- Supreme Court of the United States

Argued December 4, 1989 Decided April 18, 1990
- Full case name: Florida v. Wells
- Docket no.: 88-1835
- Citations: 495 U.S. 1 (more)
- Argument: Oral argument
- Opinion announcement: Opinion announcement

Case history
- Prior: 539 So. 2d 464 (Fla. S. Ct. 1989); cert. granted

Holding
- A state police department may grant discretion regarding the opening of closed containers to officers conducting an inventory search in accordance with a standard procedure.

Court membership
- Chief Justice William Rehnquist Associate Justices William J. Brennan Jr. · Byron White Thurgood Marshall · Harry Blackmun John P. Stevens · Sandra Day O'Connor Antonin Scalia · Anthony Kennedy

Case opinions
- Majority: Rehnquist, joined by White, O'Connor, Scalia, Kennedy
- Concurrence: Brennan, joined by Marshall
- Concurrence: Blackmun
- Concurrence: Stevens

Laws applied
- U.S. Const. amend. IV

= Florida v. Wells =

Florida v. Wells, 495 U.S. 1 (1990), was a United States Supreme Court case in which the Court held that it would not be a violation of the Fourth Amendment for state police departments to allow officers conducting an inventory search discretion in which closed containers they choose to open.

== Background ==
In 1985, Martin Wells was pulled over for speeding by Florida state police. After the officer smelled alcohol on his breath, he was arrested for driving under the influence and subsequently agreed to a breathalyzer test.

Following arrest his car was impounded, which resulted in an inventory search being done. During the search, two marijuana cigarette butts as well as a suitcase were discovered. The arresting officer chose to force open the suitcase, at which point a bag containing a large amount of marijuana was found. Wells was later charged with possession of a controlled substance.

At trial, Wells filed a motion to suppress the evidence seized during the search on the grounds that the seizure violated the Fourth Amendment. The motion was denied.

Upon appeal, the Florida Fifth District Court of Appeal ruled that the search of the closed suitcase violated the Fourth Amendment.

The Supreme Court of Florida affirmed, relying on Colorado v. Bertine, which it understood to allow admission of evidence found within a closed container only when the searching officer follows a standard police procedure mandating the opening of such containers within every impounded vehicle. Because no such policy existed, the court found the search and therefore the discovered evidence to be invalid.

Additionally, the court's opinion stated "The police under Bertine must mandate either that all containers will be opened during an inventory search, or that no containers will be opened. There can be no room for discretion."

== Holding ==
The Supreme Court affirmed on appeal, agreeing that no policy regarding the opening of closed containers existed and therefore that the suppression of evidence was proper. However, it disagreed with the notion that a valid policy must restrict officers to searching either all or none of the closed containers discovered during the search.

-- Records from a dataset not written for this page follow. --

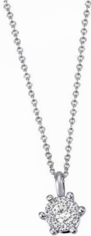
COLLIER 585.- Weissgold 10 Diamanten 0,14 ct SI/1 W je € 793,-
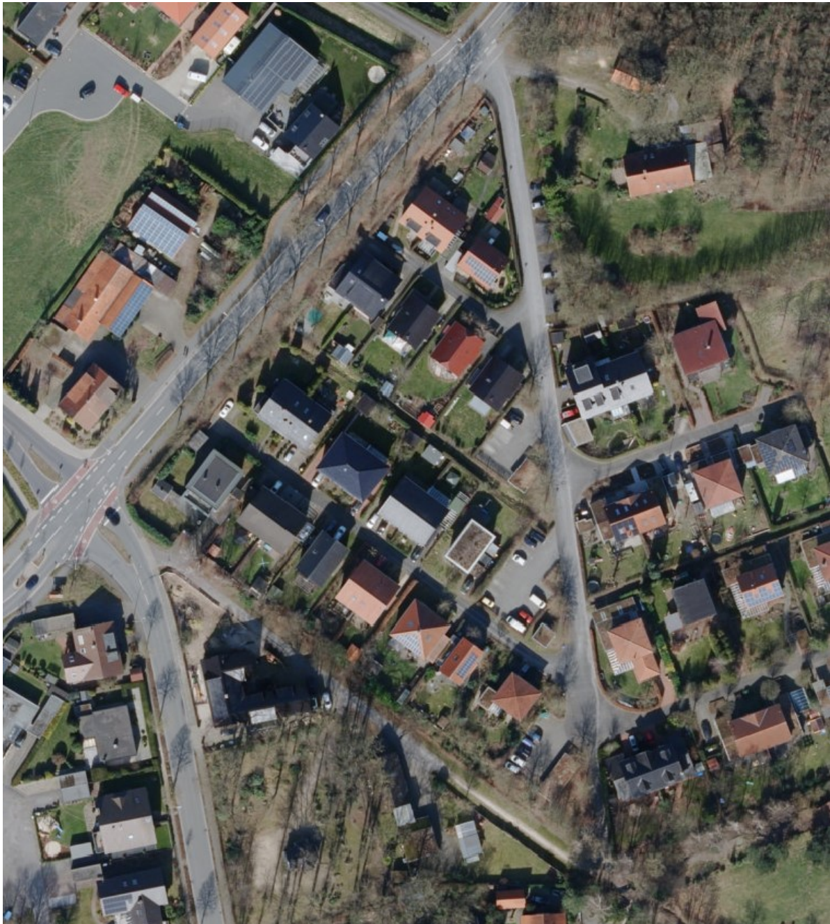
Abb. 2: Luftbild der Wohnsiedlung Berkenkamp

Die im Ursprungsbebauungsplan Nr. 35 „Berkenkamp“ und seinen Änderungen 1 bis 6 festgesetzten Bauflächen für ein Allgemeines Wohngebiet (WA) sind vollständig bebaut. Entstanden ist eine städtebaulich und architektonisch ansprechende Wohnsiedlung, in der auch ökologische Aspekte wie z.B. die Begrünung von Fassaden und Dächern, eine Versorgung mit Nahwärme und die oberirdische Ableitung und Versickerung von Regenwasser vorbildliche Umsetzung fanden.
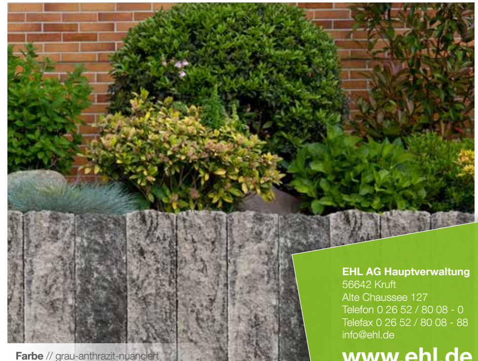
Farbe // grau-anthrazit-nuanciert

EHL AG Hauptverwaltung 56642 Kruft Alte Chaussee 127 Telefon 0 26 52 / 80 08 - 0 Telefax 0 26 52 / 80 08 - 88 info@ehl.de
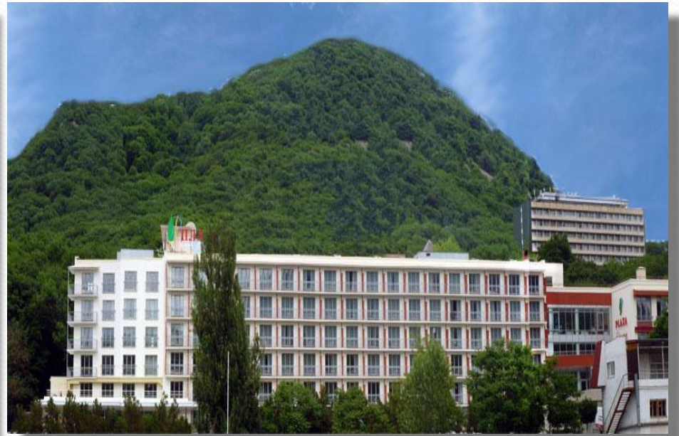
Санаторий им. Э. Тельмана (1907г. постройки)
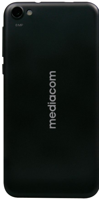
CODICE: M-PPAG5 Versione matt black CODICE EAN: 8028153091050
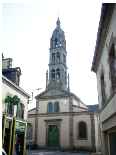
Plonéour-Lanvern, église paroissiale Saint-Eneour : vue générale ouest IVR53_20082905859NUCA
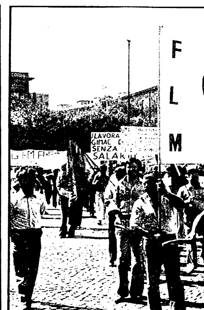
Una prima iniziativa del sindacato si decentra nelle zone. Sciopero oggi a Monterotondo, Domani si ferma la Tiburtina.
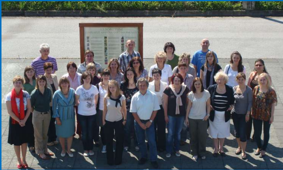
NASTAVNIČKO VIJEĆE GIMNAZIJE ANTUNA GUSTAVA MATOŠA ŠK. G. 2010./2011.
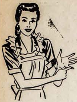
Smarkios kepėjos žino, kad Gasas Turi Viską!

Vyt. Grauzinis, Baltic DP Camp, (14a) Fellbach b. Stuttgart, USA zone, Germany
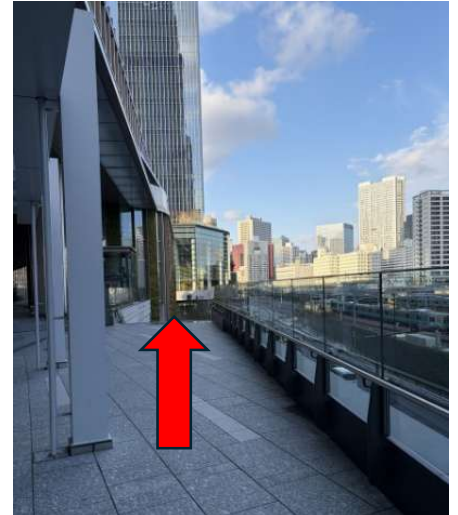
③少し進むと下へ下りる階段が見えます。
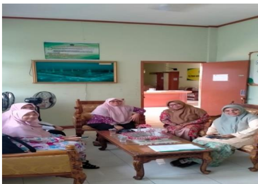
Gambar 1. Pertemuan Tim PkM dengan Kepala Sekolah SMK Pariwisata Aisyiyah Sumatera Barat

Pada tahap persiapan dimulai dari pengurusan surat rekomendasi PkM ke Pimpinan Wilayah Aisyiyah Sumatera Barat, kemudian dilanjutkan dengan koordinasi atau penjajakan dengan mitra dalam hal ini Kepala Sekolah SMK Pariwisata Aisyiyah Sumatera Barat sekaligus meminta kesediaan mitra dalam pelaksanaan kegiatan PkM ini.
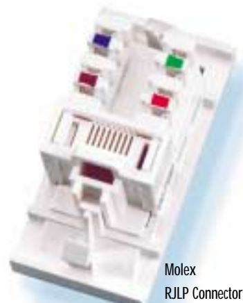
Molex RJLP Connector

NAŠE 25-LETÁ ZÁRUKA KVALITY PRODUKTŮ JE JEDNOU Z NEJROZSÁHLEJŠÍCH ZÁRUK NA TRHU STRUKTUROVANÝCH KABELÁŽÍ A PŘEDČÍ "SYSTÉMOVÉ ZÁRUKY" MNOHA JINÝCH FIREM.
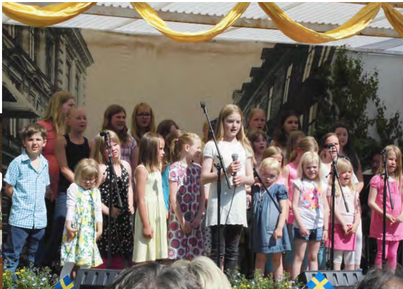
◀ ナショナルデイ会場で子どもたちのコーラスの様子

ソレフテオ市庁舎の会議室において、ソレフテオの紹介映像を視聴しながら、両自治体関係者に蹴場一等書記官を交え、それぞれの現状や今
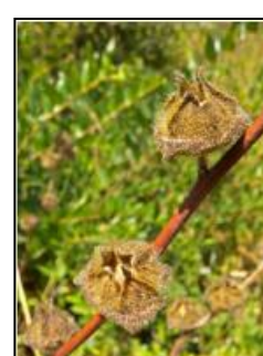
Fruit de Lavatera olbia
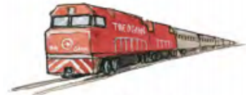
Tåget The Ghan går genom hela Australien.

Resan med tåget går längs den röda linjen.
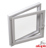
Naar binnen openend raam
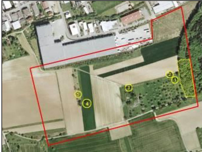
Abbildung 6: Übersicht der relevanten Höhlenbäume

(mit Nummern versehen); am Waldrand waren einige ältere Bäume mit Spalten vorhanden (schraffierter Bereich)
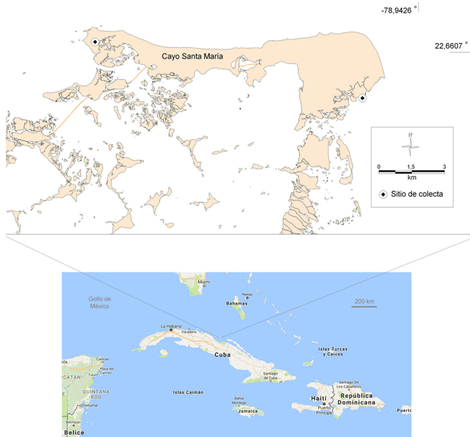
Figura 1. Ubicación del registro de Halophila ovalis en las Antillas Mayores.

dispersarse a grandes distancias, al considerar su bajo porcentaje de divergencia genómica. En esta nota se confirma su presencia por primera vez en aguas marinas cubanas, ampliando su rango de distribución en el Atlántico, a más de 1,800 km al noroeste del último reporte.
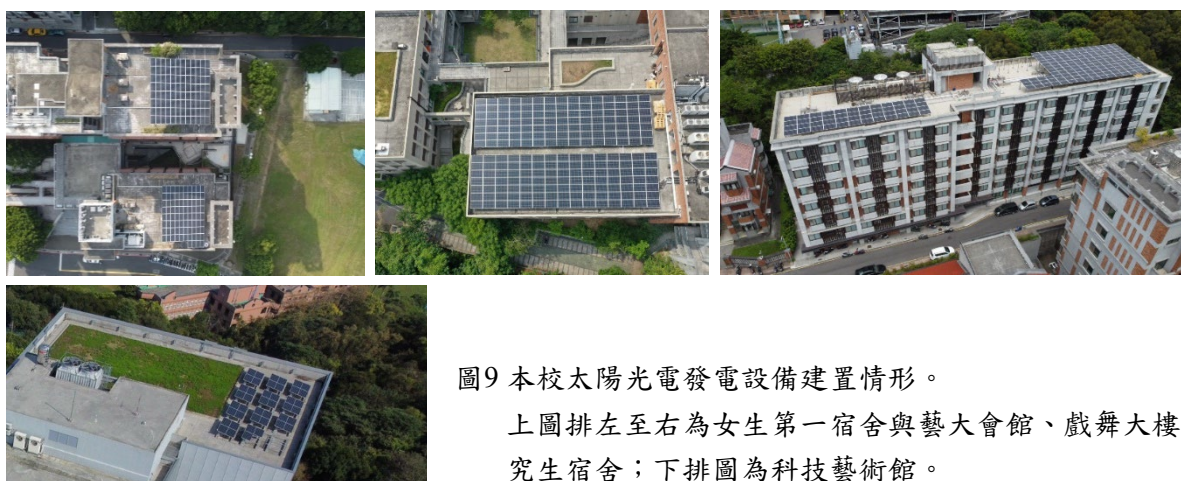
圖9 本校太陽光電發電設備建置情形。

本校太陽光電發電設備設置為依據行政院「太陽光電2年推動計畫」能源政策，開放標租本校建物屋頂平台空間（包含女一舍、藝大會館、研究生宿舍、行政大樓及戲舞大樓，其餘大樓為斜屋頂或平台面積較為崎零，不易設置外掛太陽能板，故不開放設置），提供廠商設置太陽光電發電設備建置及售電予台電，以符合國家能源轉型政策，109年6月19日完成招租，由挺新能源股份有限公司得標，後續於11月17日由本校校園規劃小組同意設置於女一舍、藝大會館、研究生宿舍及戲舞大樓頂樓平台，設置容量總計為189.15kWp，回饋金百分比為6.5%，於110年6月15日全數安裝及併聯完成，110年8月9日獲台電公司正式核備售電，由承租廠商定期維護，另科技藝術館於110年由本校自行建置太陽光電發電設備，建置容量13.975kWp，由本校自行維護。

Our view that standardized criteria ... must regulate the opening of containers found during inventory searches is based on the principle that an inventory search must not be a ruse for a general rummaging in order to discover incriminating evidence. The policy or practice governing inventory searches should be designed to produce an inventory.

Rather, the Court stated that a policy may allow officers to determine whether a container should be opened based on the nature of the search and the characteristics of the container. For example, if a policy allowed officers to open a container it would not be improper for the searching officer to refrain from opening a container whose contents are visible from the exterior.

=== Brennan's Concurrence ===
Brennan, who had previously dissented in Bertine, agreed with the Court's conclusion that the evidence was invalid, and further argued that the search was intentionally designed to locate evidence rather than produce a useful inventory. However, he disagreed with the idea that a state's policy may grant officers some discretion in whether to open a container, considering the ruling to have misrepresented the Court's reasoning in Bertine.

=== Blackmun's Concurrence ===
In Blackmun's concurrence, he agreed that a State could reasonably adopt a policy mandating the search of some containers but not others based on specified criteria. However, he rejected the majority's ruling that an individual officer could be authorized to exercise discretion while performing a search.

The exercise of discretion by an individual officer, especially when it cannot be measured against objective, standard criteria, creates the potential for abuse of Fourth Amendment rights our earlier inventory-search cases were designed to guard against.

Instead, he believed that the Court should not have addressed the issue at all, considering it to be a different constitutional question.

=== Stevens' Concurrence ===
Stevens agreed with Blackmun in his concurrence, but further criticized the Court for granting certiorari merely to correct a minor error in the lower court's reasoning and to extend the power of state officers.